3- Le statut du camionneur

D’autres intervenants ont fait référence à un régime qui pourrait être inspiré de ce qu’ils ont appelé la « loi sur le statut des artistes ».

En effet, on peut rapidement déceler une certaine ressemblance entre le statut du camionneur-propriétaire et celui de l’artiste tel que défini dans la Loi sur le statut professionnel des artistes de la scène, du disque et du cinéma13

Ces deux types d’artisans ont plusieurs traits en commun de même que les secteurs d’activité dans lesquels ils évoluent.

- Le statut de ces artisans

Les uns et les autres ne sont habituellement pas des salariés au sens ordinaire du terme ou, lorsqu’ils le sont, c’est souvent pour de courtes périodes.

Ils sont tous les deux propriétaires de leur instrument de travail.

Ils fournissent parfois leurs services par l’intermédiaire d’une société ou d’une personne morale, ce qui fait qu’on les associe souvent à des entrepreneurs.
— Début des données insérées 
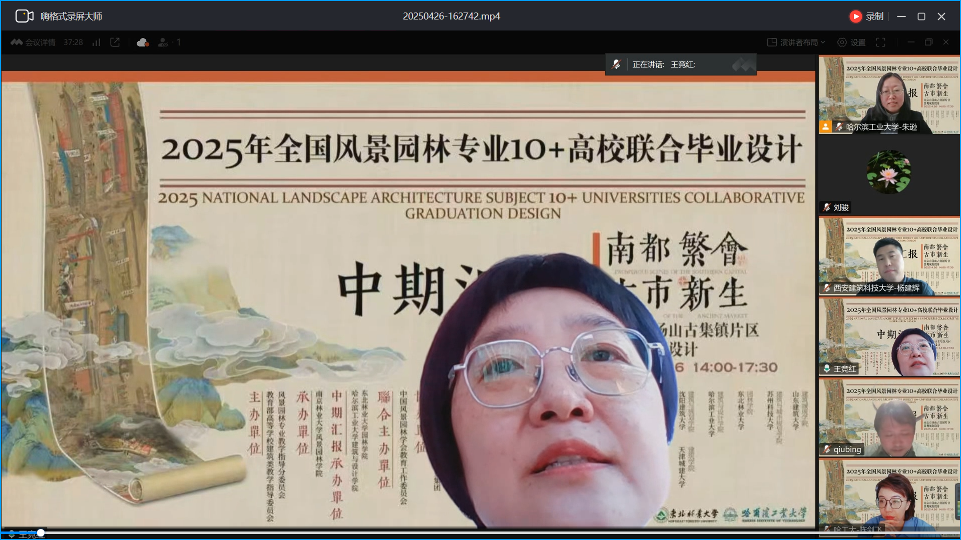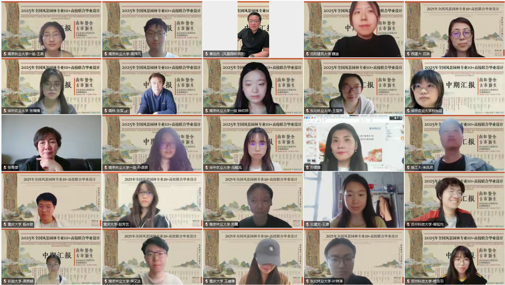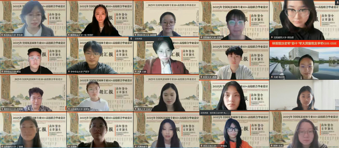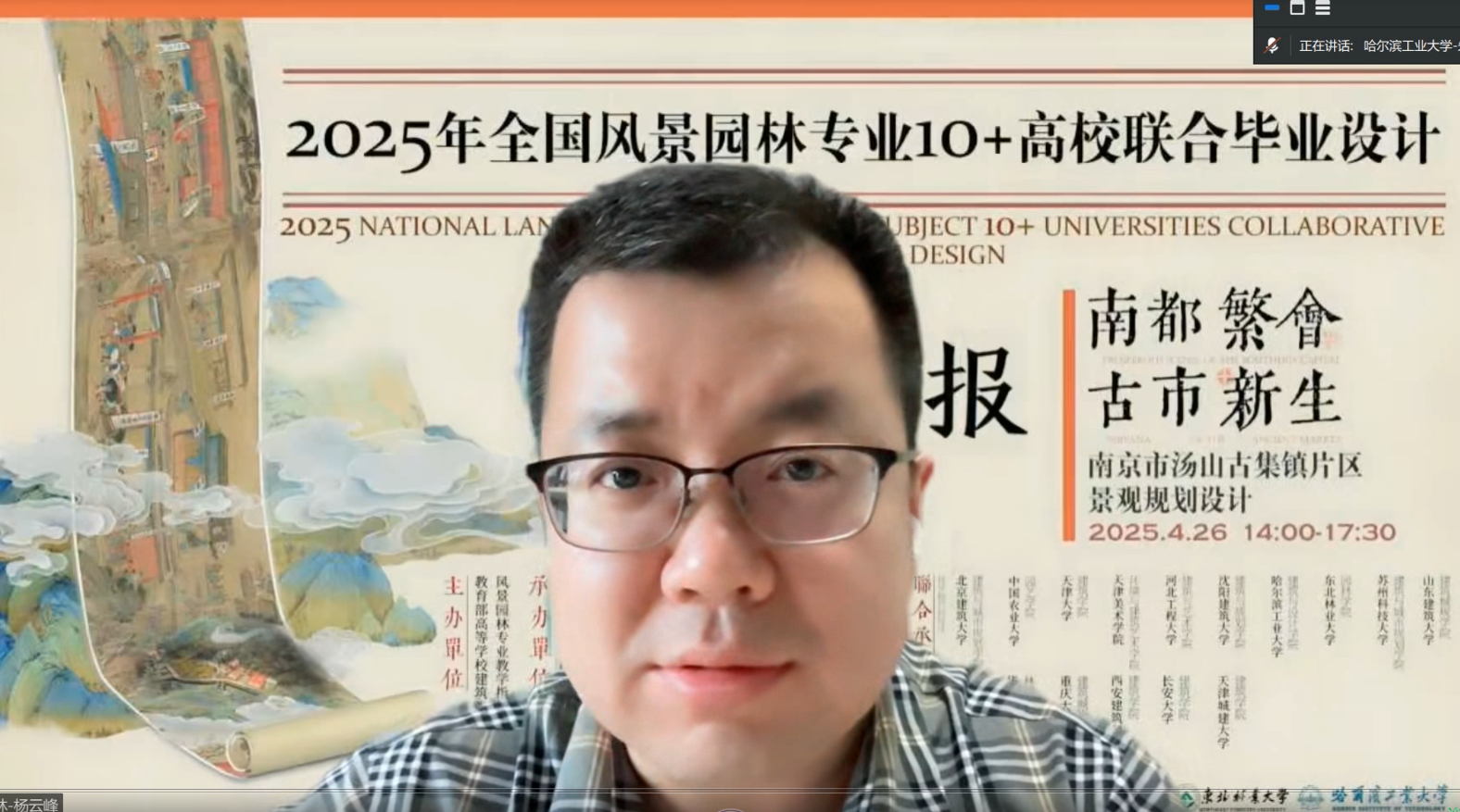 由教育部高等日本做爱建筑类教学指导委员会风景园林专业教学指导分委员会主办、日本做爱-台湾av-免费a片 承办、中国风景园林学会教育工作委员会支持、南京汤山温泉文化旅游产业集团有限责任公司特别支持的2025年全国风景园林专业10+高校联合毕业设计"南都繁会、古市新生——南京市汤山古集镇片区景观规划设计"中期汇报活动,于2025年4月26日顺利进行。本次中期汇报由日本做爱-台湾av-免费a片 、哈尔滨工业大学建筑与设计日本做爱 、东北林业大学园林日本做爱 共同承办,来自17所院校的19组联合毕设师生共同参与,相聚云端,通过线上平台展示各组精彩成果。

Le tarif auxquels ils louent leurs services ne sont pas les mêmes pour tous. Les artistes, tout comme les camionneurs, sont, le plus souvent, dans une certaine situation de concurrence les uns par rapport aux autres.

Enfin, les uns et les autres travaillent le plus souvent pour plusieurs « employeurs » ou donneurs d’ouvrages successifs et non pour un employeur unique.

13 L.R.Q., c. S-32.1

75 - Le secteur d’activité

Malgré le fait que les activités professionnelles qui caractérisent l’un et l’autre secteur soient très différentes, ceux-ci n’en présentent pas moins une certaine ressemblance à maints égards.

D’abord, ce sont des branches d’activité non homogènes, se découpant en plusieurs sous-secteurs ayant souvent peu de liens entre eux, constituant des marchés bien différents mais susceptibles de faire appel au même type de main-d’oeuvre.

Ainsi, les domaines de la production artistique sont très diversifiés: ils recouvrent aussi bien le disque, le film et la scène, et parmi les arts de la scène, on y distingue l’opéra (en fait, tout l’art lyrique), le théâtre et la musique.

De la même manière, dans l’industrie du camionnage, on distingue habituellement le transport général de celui du vrac, à l’intérieur duquel on retrouve les sous-secteurs de la forêt et des agrégats, ce dernier se subdivisant également en marchés publics (MTQ, Hydro-Québec, municipalités, etc.) et en marchés privés.

De plus, de la même manière que certains artistes pourront évoluer aussi bien sur la scène qu’au cinéma et même faire des disques, des camionneurs propriétaires pourront faire du transport aussi bien dans le secteur forestier que dans celui des agrégats selon les saisons.

Enfin, dans un cas comme dans l’autre, bien que certains offrent leurs services sur un marché strictement local, les lieux de travail sont parfois séparés par de grandes distances sur le territoire.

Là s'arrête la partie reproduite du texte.